You are the new chair of a clinical department in the medical school. One of your initial efforts is to create a departmental compensation plan. You create a task force, which works for nearly a year on a new plan, balancing out appropriate rewards for clinical, research, and other mission-related productivity. The plan includes a baseline salary, which is to be the median salary for that specialty, role (clinical versus research), and rank based on national data from the prior three years. An incentive plan includes payments for RVUs generated in excess of the median benchmark, along with incentives for funding of research effort and other mission/citizenship work. In the end, there is enthusiasm for the plan because many faculty will see increases in salary, as faculty below national means will see annual raises of the maximum allowable percent until their salaries reach the appropriate level. For some faculty, this would require 3–5 years of annual raises, given that current salaries are so low.

Less than one year later, the state cuts funding to the School of Medicine (SOM) . The dean sends an email to all the departments and faculty. In it he says that the SOM must reduce its expenditures by $8M to accommodate the decrease in state funding. He points out that there will be personnel and non-personnel expense reductions in the dean’s office and encourages departments to do the same. He sends out specific expense reduction targets by department.
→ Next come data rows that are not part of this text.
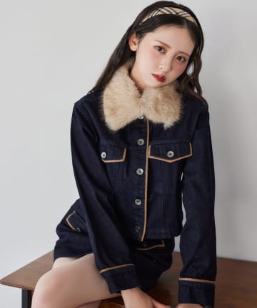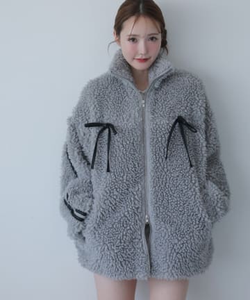 【リバイバル】リボンボアブルゾン/リボン取り外し可能
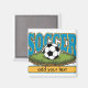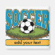 A Soccer sits ready on the grass with large blue SOCCER text outlined in yellow! Add your custom text below this Soccer design in the space provided. Perfect for any Soccer player or Soccer fan, add names, school names or sports message! Customisable Soccer shirts and Soccer gifts!
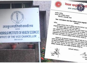 धरान: वीपी कोइराला स्वास्थ्य विज्ञान प्रतिष्ठान धरानको रिक्त रहेको उपकुलपति नियुक्तीको प्रक्रिया पारदर्शी हुनुपर्ने माग गरिएको छ । प्रतिष्ठानस्थित चिकित्सा तथा दन्त चिकित्सा शिक्षक कल्याण समाजले एक प्रेश विज्ञप्ती जारी गर्दै छनौट प्रक्रिया पारदर्शी गर्न सरकारसँग माग गरेको छ । उपकुलपति नियुक्तीको ला ...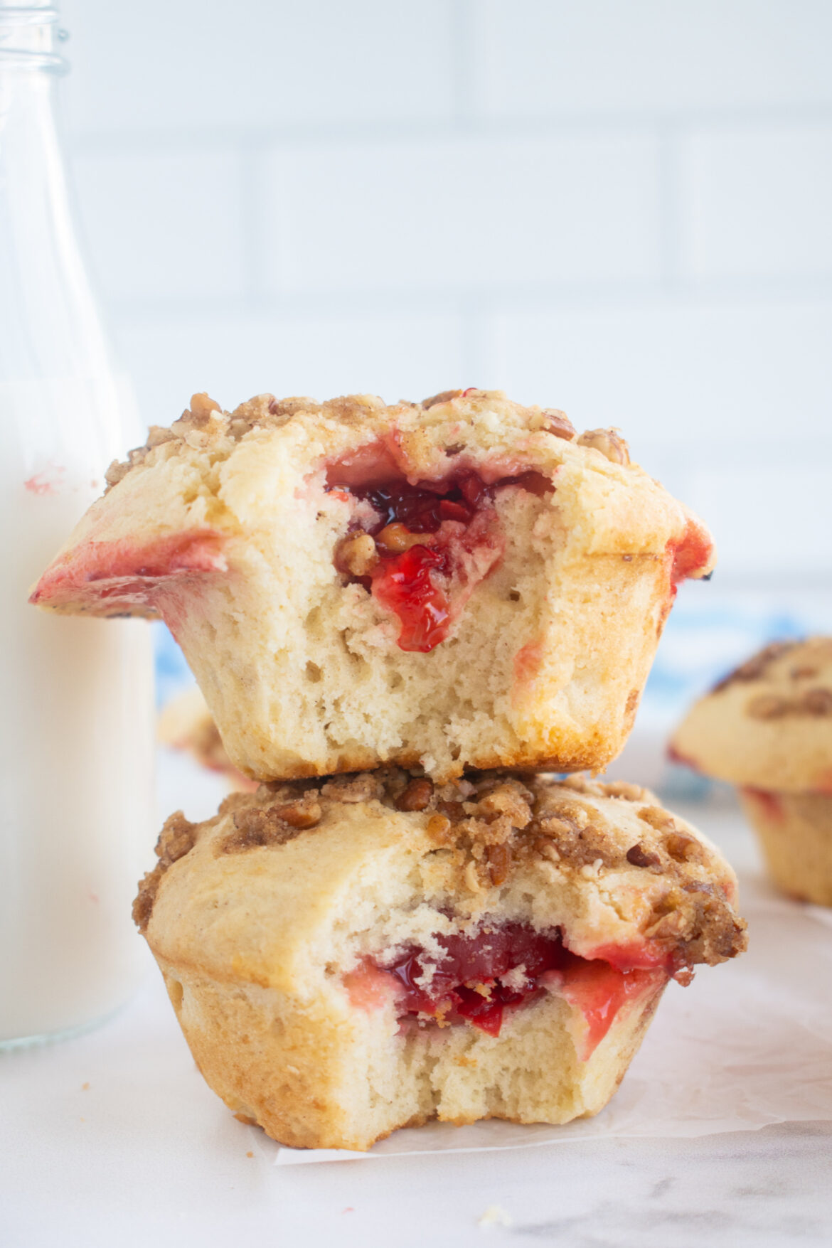 When I was a kid, my mom made ” muffin surprise,” which were muffins with jam in the middle. It was always a surprise which jam we would get in our muffins. I used that concept in this recipe, but pie filling was used in the middle. The muffin recipe I used tastes similar to a traditional cobbler but is fluffy like a muffin. The strusel topping is the perfect finishing touch to this recipe.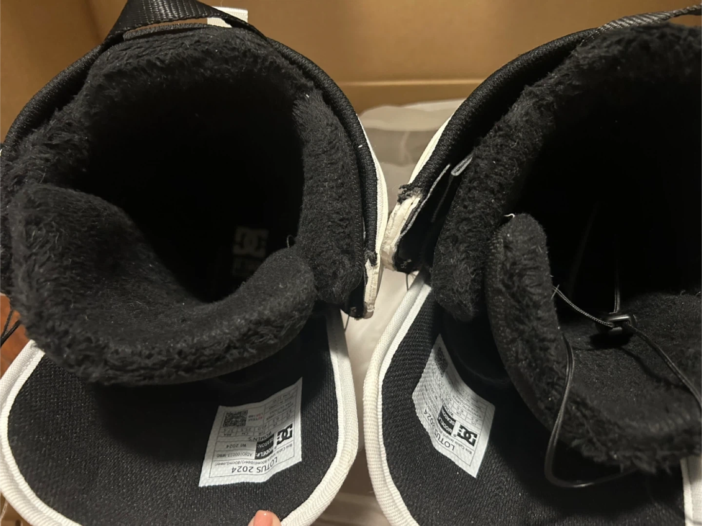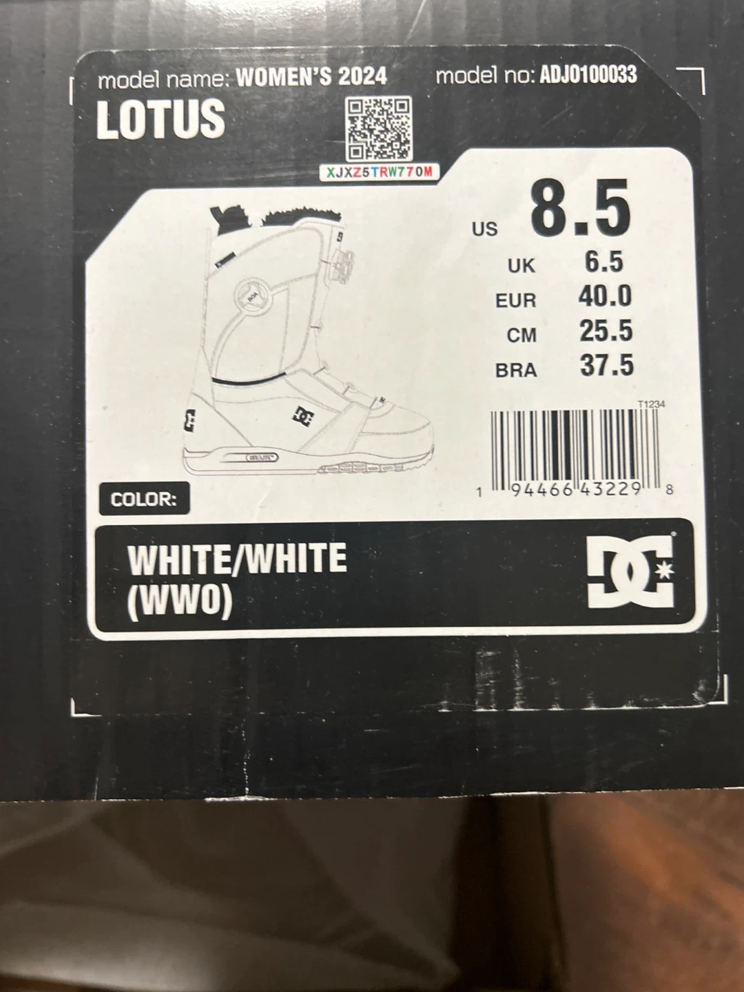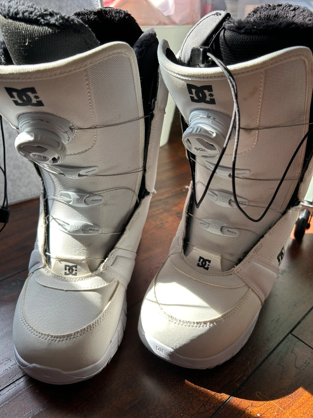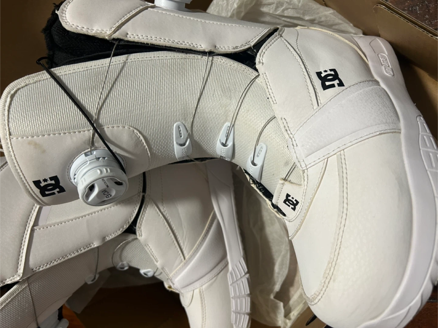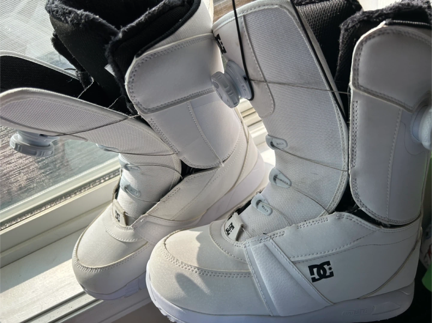 Selling a pair of DC Lotus 2024 women's snowboard boots in white/white. These are size 8.5 US. They come with the original box. Great for hitting the slopes this winter!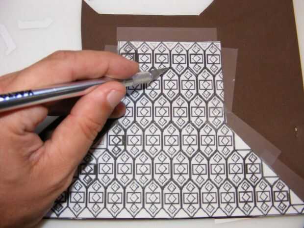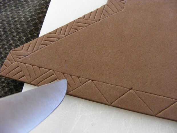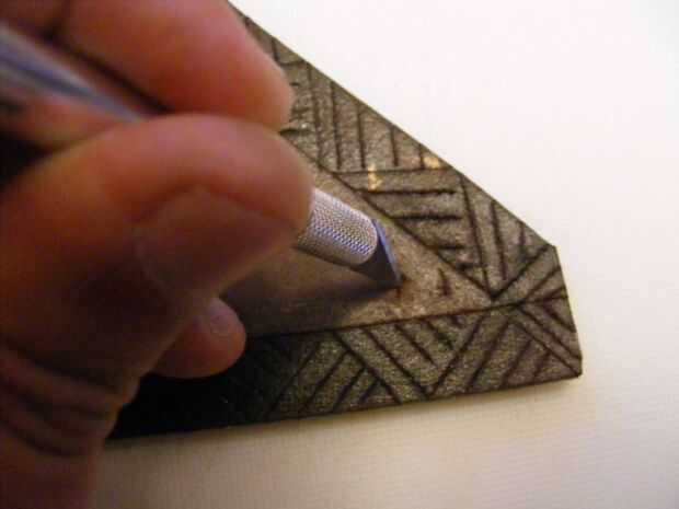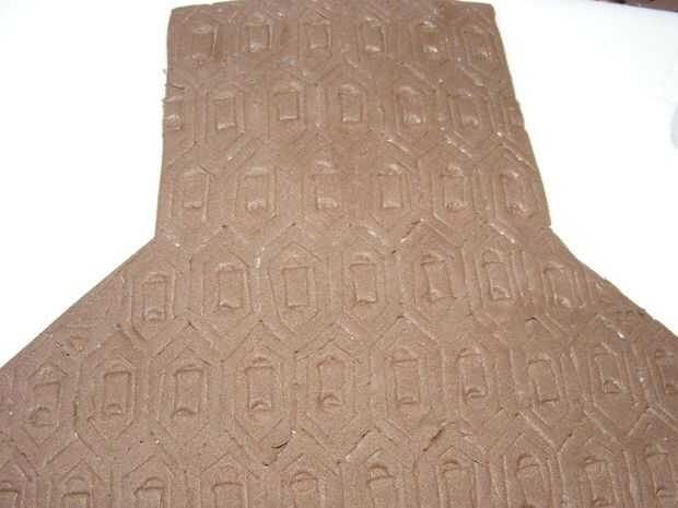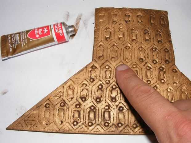 Las escalas fueron luego planchar para fijar las impresiones en la espuma, y cada pieza era dorado con Rub & Buff.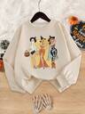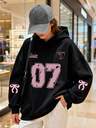 少女秋装彩色耳机,字母印花图案,休闲风格,连帽衫,适合日常穿着、派对、学校、参加音乐节、度假、通勤。可作为礼物送给家人、男朋友、女朋友、朋友、女孩冬装、必备连帽衫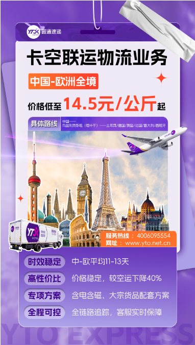 通过持续优化路由及增加合作航线,当前圆通卡空联运至欧洲全境的平均时效已提升至11-13天,与空运慢线时效相当。同时通过陆空联运模式,可有效规避国内主要航空枢纽旺季运力瓶颈及排舱问题,即便业务高峰也能保障稳定发运频次,确保供应链畅通无阻。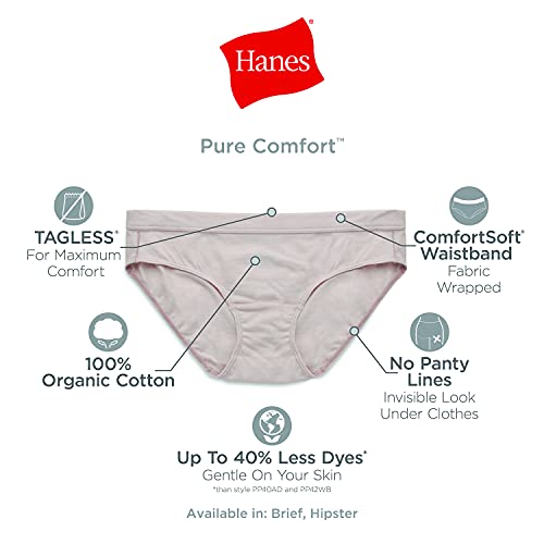 Description If you care about the fabric you wear and love the modern hipster silhouette, Hanes has the panties for you. These organic cotton hipster panties are made with 40% less dyes than traditional cotton so you can feel good about wearing them. You'll love that these smoothing cotton hipsters have a ComfortSoft cotton-covered waistband that won't pinch or bind. The silhouette is a hybrid with the low-rise waist of a bikini and the moderate back coverage of a brief, plus wider sides that sit at the hips. This lightweight underwear is wonderfully soft against your skin and super comfortable with leg bands that stay in place without riding up. Even better, they are tag-free for itch-free comfort.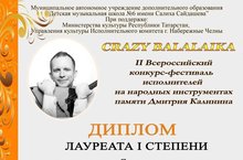 Поздравляем Афзалову Марину Витальевну, Бахтиярову Эльмиру Анасовну и Сафину Гузель Азатовну с достойным результатом воспитанников на II Всероссийском конкурсе-фестивале исполнителей на народных инструментах памяти Дмитрия Калинина.

Since this memo was sent from the dean’s office to the entire faculty, you quickly learn that the following attitudes and concerns are right on the surface with the faculty:

  1. 1.

    Several members of the department have undergone nonrenewals of their contracts in the last 5 years, including faculty who were perceived by their peers to have done good work. This caused significant problems with overall departmental morale at the time, and those effects are still lingering. Additionally, fixed-term faculty are beginning to wonder if they too are at risk.

  2. 2.

    Other faculty members are counting on the raises that were promised to them as part of the faculty compensation plan. Although the fine print of the plan states that its implementation is contingent on state funding, the faculty heard you promise raises.

  3. 3.

    Your faculty note that the memo from the dean addresses only reduction of expenses, not increasing revenue. They argue that reducing the numbers of faculty members will reduce income, which is a goal seemingly contradictory to the vision of the department (and the reason you were hired) to stimulate growth. Reducing support staff will decrease efficiency and therefore also reduce productivity, income, and growth. They want you to go to the dean and argue against expense reduction in favor of revenue generation.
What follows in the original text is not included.